### Aim of the exercise
In the entries below, which lines run from the one with "向毛泽东同志铜像敬献花篮" through the one with "Jinguo Long Coffin"? Repeat exactly those, both included, and no pictures.

### Data
————————

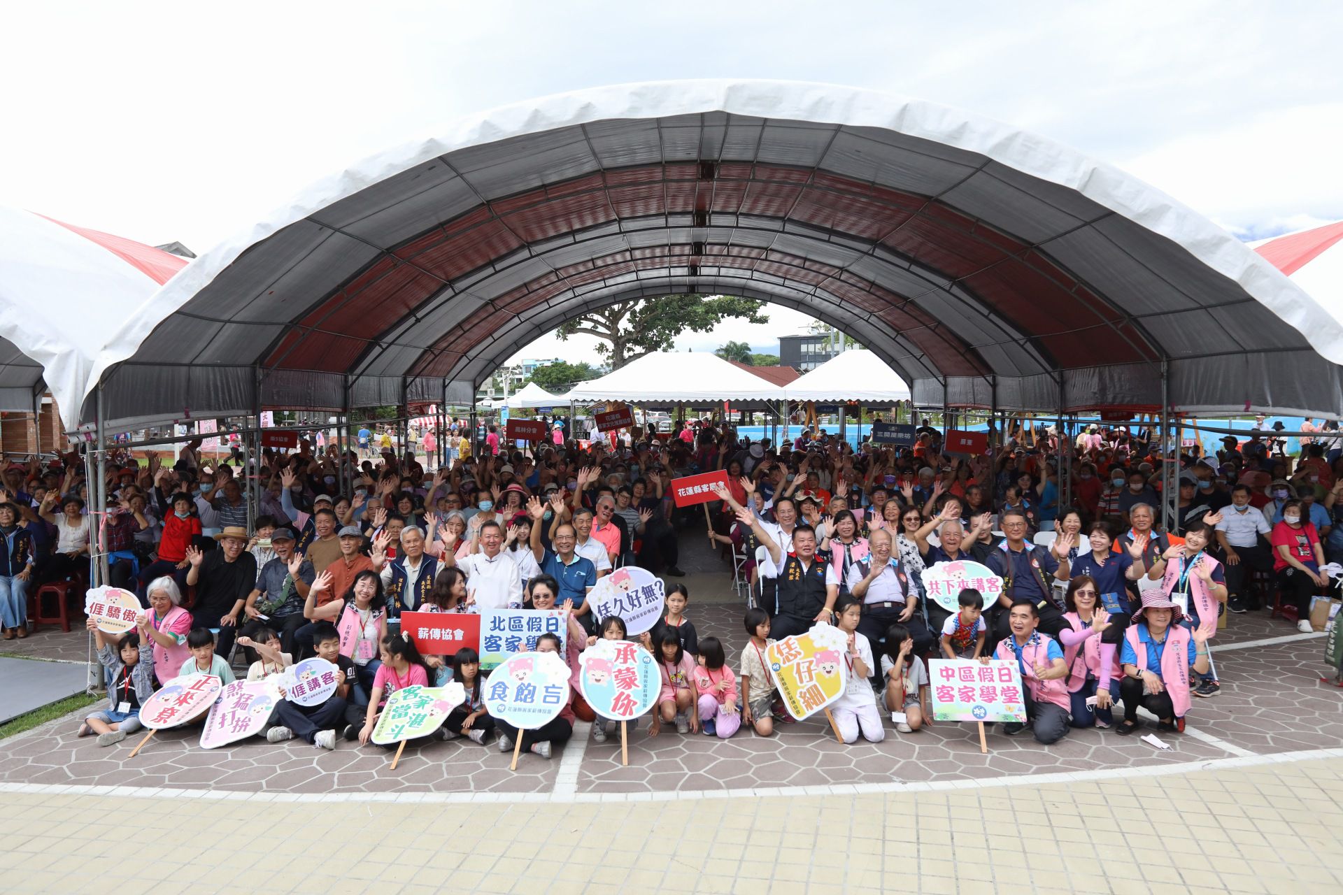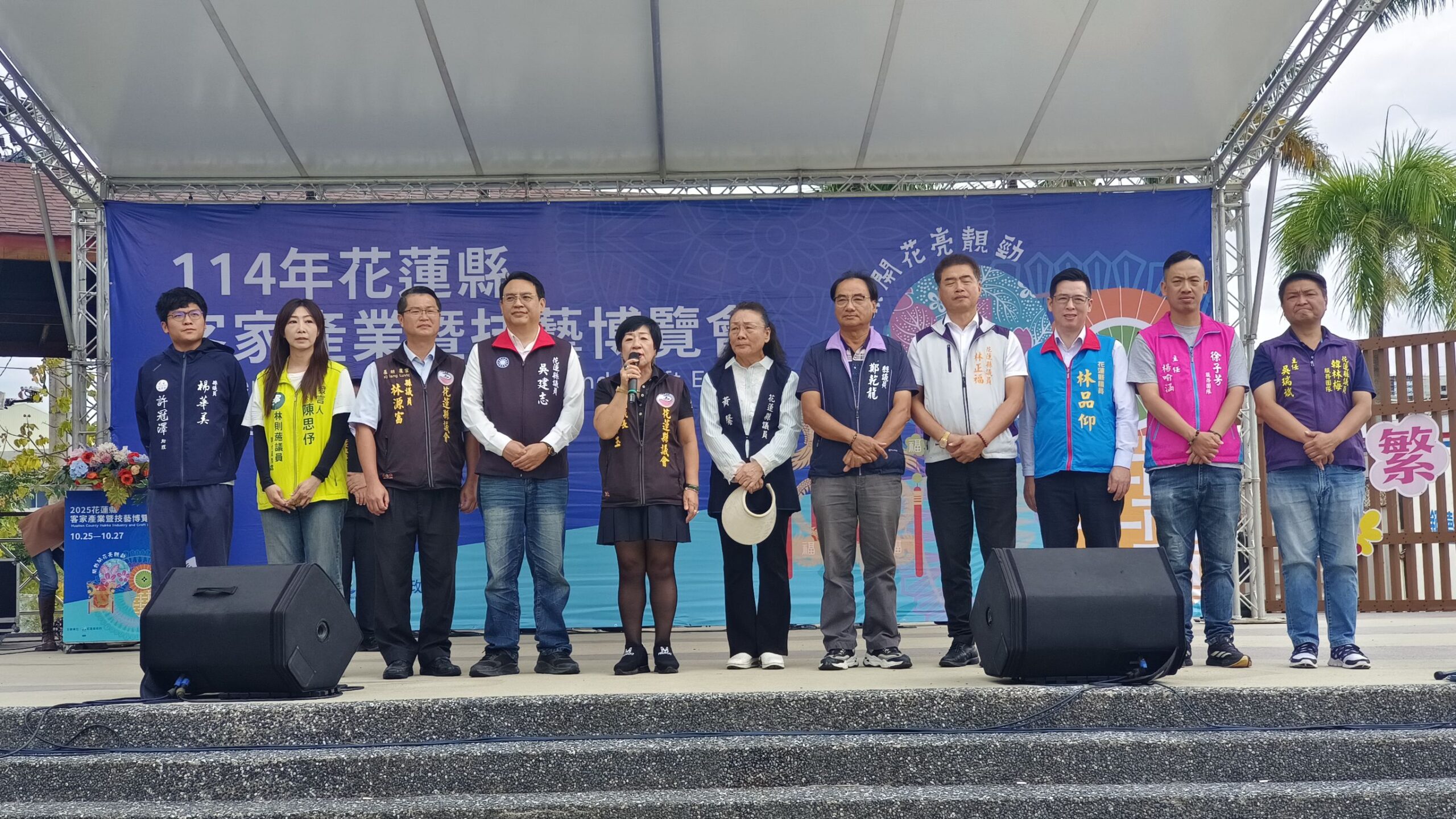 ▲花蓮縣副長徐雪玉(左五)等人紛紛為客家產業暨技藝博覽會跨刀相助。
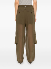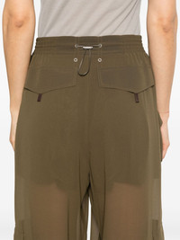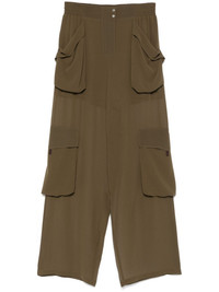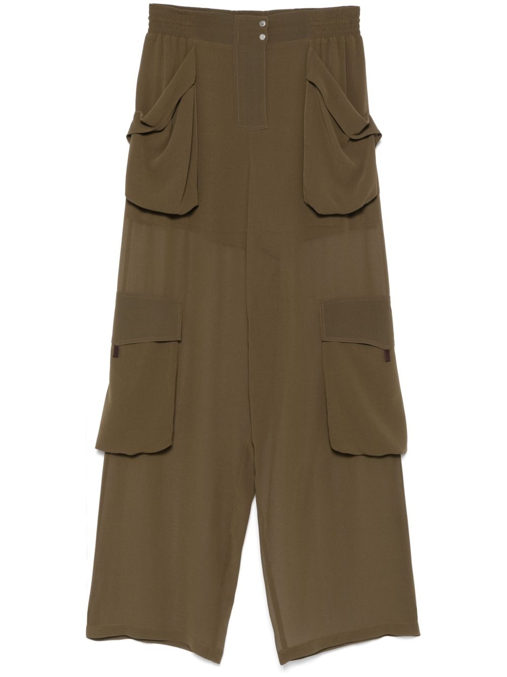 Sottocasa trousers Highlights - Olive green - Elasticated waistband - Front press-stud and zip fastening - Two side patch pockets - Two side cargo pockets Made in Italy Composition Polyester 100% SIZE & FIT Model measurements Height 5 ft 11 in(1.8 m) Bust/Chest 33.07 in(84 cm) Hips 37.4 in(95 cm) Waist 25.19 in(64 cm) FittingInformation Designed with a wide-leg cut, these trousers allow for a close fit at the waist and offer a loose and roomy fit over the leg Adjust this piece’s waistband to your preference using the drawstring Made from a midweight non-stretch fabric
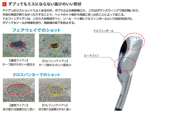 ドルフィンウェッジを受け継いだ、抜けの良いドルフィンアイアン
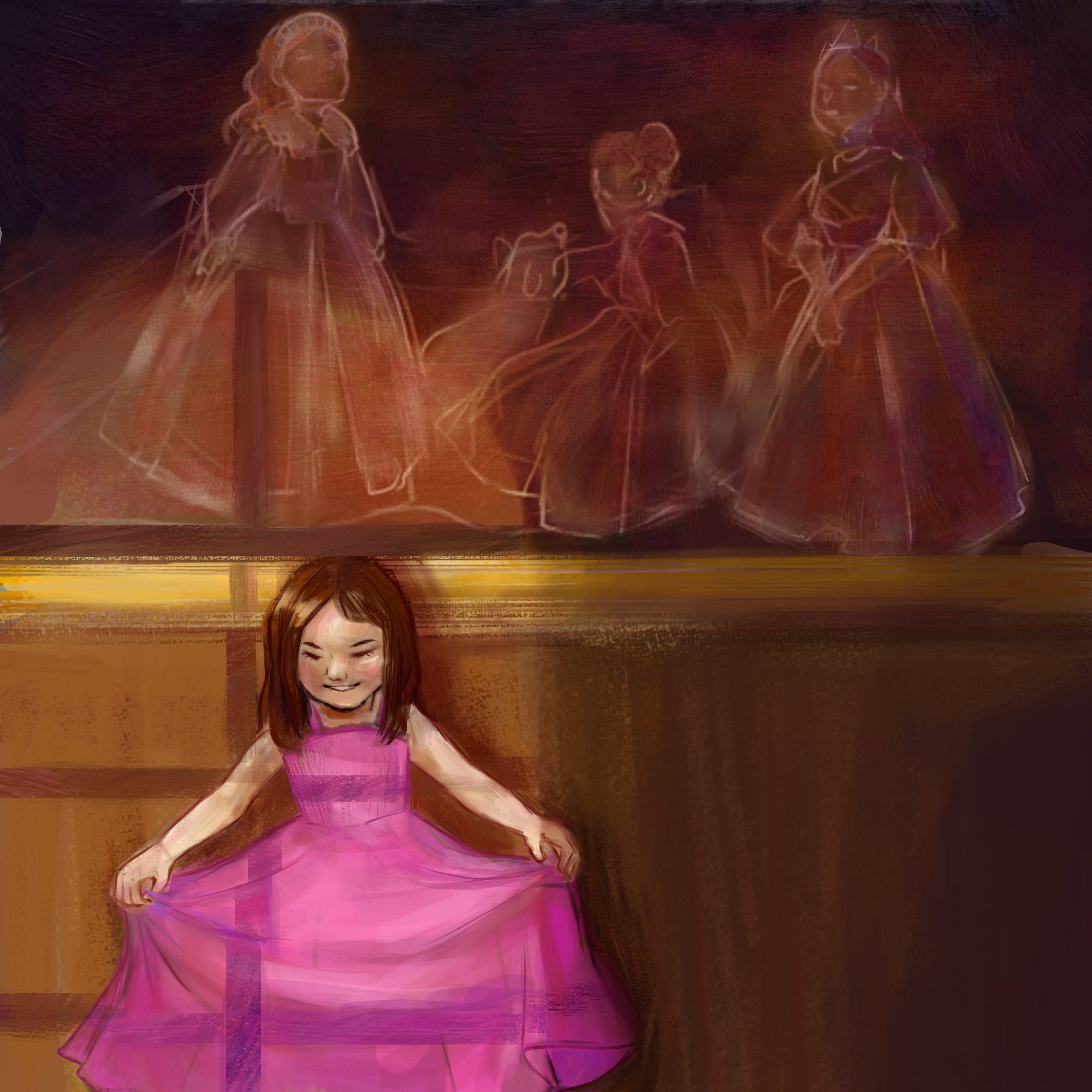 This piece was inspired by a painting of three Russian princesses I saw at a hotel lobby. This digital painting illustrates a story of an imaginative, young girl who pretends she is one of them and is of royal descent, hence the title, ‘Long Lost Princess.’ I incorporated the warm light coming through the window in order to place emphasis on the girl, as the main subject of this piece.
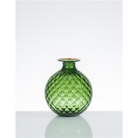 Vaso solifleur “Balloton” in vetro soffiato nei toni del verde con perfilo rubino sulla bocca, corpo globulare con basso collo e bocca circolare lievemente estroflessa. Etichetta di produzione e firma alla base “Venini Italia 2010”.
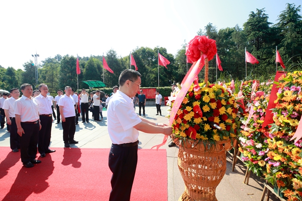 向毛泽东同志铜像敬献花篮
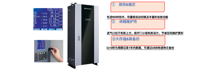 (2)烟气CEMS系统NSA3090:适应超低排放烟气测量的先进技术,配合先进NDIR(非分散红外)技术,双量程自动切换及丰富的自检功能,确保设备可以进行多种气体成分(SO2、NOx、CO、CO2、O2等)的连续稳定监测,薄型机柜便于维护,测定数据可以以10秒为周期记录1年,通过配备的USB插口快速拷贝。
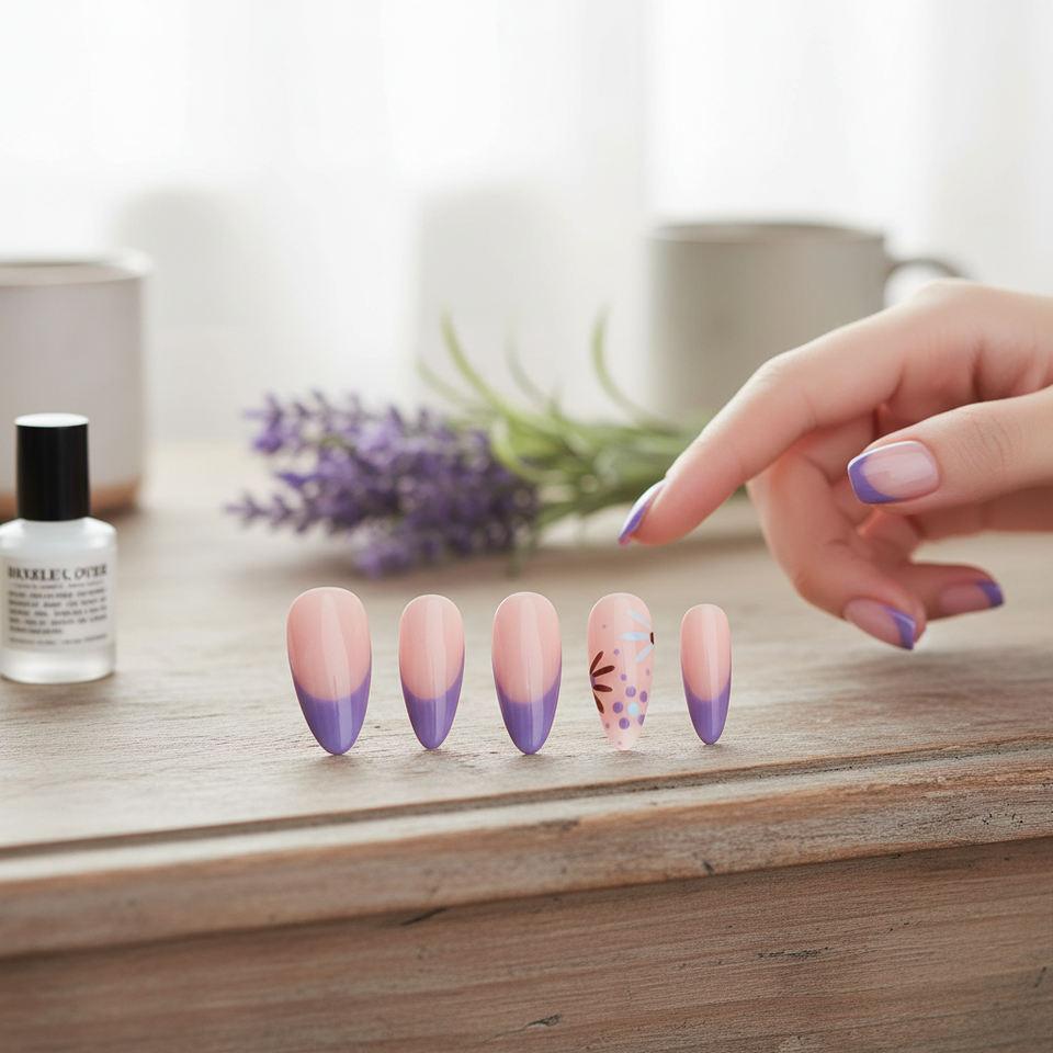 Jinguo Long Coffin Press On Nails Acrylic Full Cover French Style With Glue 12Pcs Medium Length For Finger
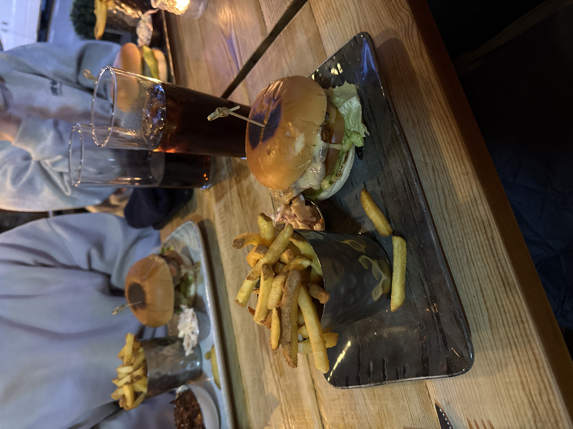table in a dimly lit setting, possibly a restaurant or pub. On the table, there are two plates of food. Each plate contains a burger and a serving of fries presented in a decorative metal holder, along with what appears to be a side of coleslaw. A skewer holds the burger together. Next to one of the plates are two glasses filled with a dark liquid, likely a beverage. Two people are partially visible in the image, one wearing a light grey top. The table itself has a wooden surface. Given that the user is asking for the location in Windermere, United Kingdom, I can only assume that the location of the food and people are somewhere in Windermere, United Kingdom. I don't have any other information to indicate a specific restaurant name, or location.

————————

### Solved problem
 向毛泽东同志铜像敬献花篮
 (2)烟气CEMS系统NSA3090:适应超低排放烟气测量的先进技术,配合先进NDIR(非分散红外)技术,双量程自动切换及丰富的自检功能,确保设备可以进行多种气体成分(SO2、NOx、CO、CO2、O2等)的连续稳定监测,薄型机柜便于维护,测定数据可以以10秒为周期记录1年,通过配备的USB插口快速拷贝。
 Jinguo Long Coffin Press On Nails Acrylic Full Cover French Style With Glue 12Pcs Medium Length For Finger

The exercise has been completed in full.